In general, object detection system is one of the important research fields in computer vision such as surveillance system, behavior recognition, and augmented reality. Object detection in a general image has a problem that it is difficult to detect an object by various sizes of objects, complex backgrounds, and the like.
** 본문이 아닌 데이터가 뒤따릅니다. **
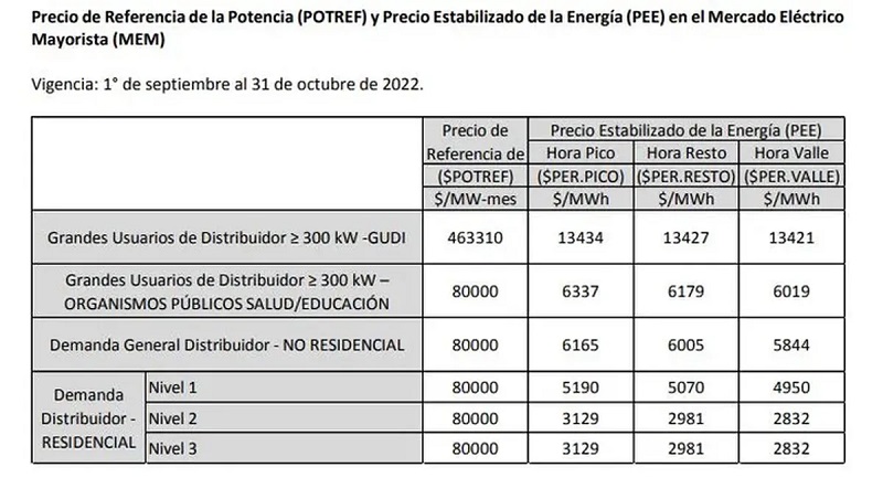 Por último, los precios para la hora valle para el bimestre septiembre-octubre serán de $ 2.832 para los niveles 2 y 3, $ 4.950 para el nivel 1, $ 5.844 para los no residenciales, $ 6.019 para organismos públicos, salud y educación y $ 13.421 para los GUDI.

In order to solve this problem, active research is being conducted related to object detection.

객체 검출을 위한 선행기술로서는, 선행기술 1(대한민국 공개특허공보 제10-2011-0131727호, 발명의 명칭: 영상 처리 시스템에서의 객체 인식 방법)과, 선행기술 2(C. H. Chang, C. C. Wang, and J. J. Lien, “Multi-view vehicle detection using gentle boost with sharing HOG feature,” in Proceedings of 22th IPPR Conference on Computer Vision, Graphics and Image Processing(IPPR, 2009), pp.1688-1694) 등의 참고 문헌이 개시된 바 있다. 선행기술 1은 정지 영상에서 소벨 필터(Sobel Filter), GIST 알고리즘을 이용한 특징 추출을 통해서 전역 특징 기반 방법과 지역 특징 기반 방법을 사용하여 객체를 인식하는 방법을 개시하고 있다. 선행기술 2는 객체를 포함하는 영상에 대해 패치를 생성하고 해당 패치에 대해 HOG(Histogram of oriented gradient) 특징을 추출하고, 특징 추출 후 Gentle Boost를 사용하여 학습 및 객체 검출을 하는 알고리즘을 개시하고 있다. 선행기술 2에서 사용된 알고리즘은 특징 추출 방법으로 HOG를 사용하며, HOG는 많은 특징 차원 수를 가지므로 매우 느린 연산 속도를 가지는 문제가 있었다.Prior art 1 (Korean Patent Laid-Open Publication No. 10-2011-0131727, titled "Object Recognition Method in Image Processing System") and prior art 2 (CH Chang, CC Wang, and Reference is made to JJ Lien, " Multi-view vehicle detection using gentle boost with sharing HOG feature, " in Proceedings of 22nd IPPR Conference on Computer Vision, Graphics and Image Processing (IPPR, 2009), pp.1688-1694) There is a bar. Prior Art 1 discloses a method of recognizing an object using a global feature-based method and a region feature-based method through feature extraction using a Sobel filter and a GIST algorithm in a still image. Prior Art 2 discloses an algorithm for generating a patch for an image including an object, extracting a histogram of oriented gradient (HOG) characteristic for the patch, and learning and object detection using a Gentle Boost after feature extraction . The algorithm used in Prior Art 2 uses HOG as a feature extraction method, and HOG has a problem that it has a very slow operation speed because it has many feature dimension numbers.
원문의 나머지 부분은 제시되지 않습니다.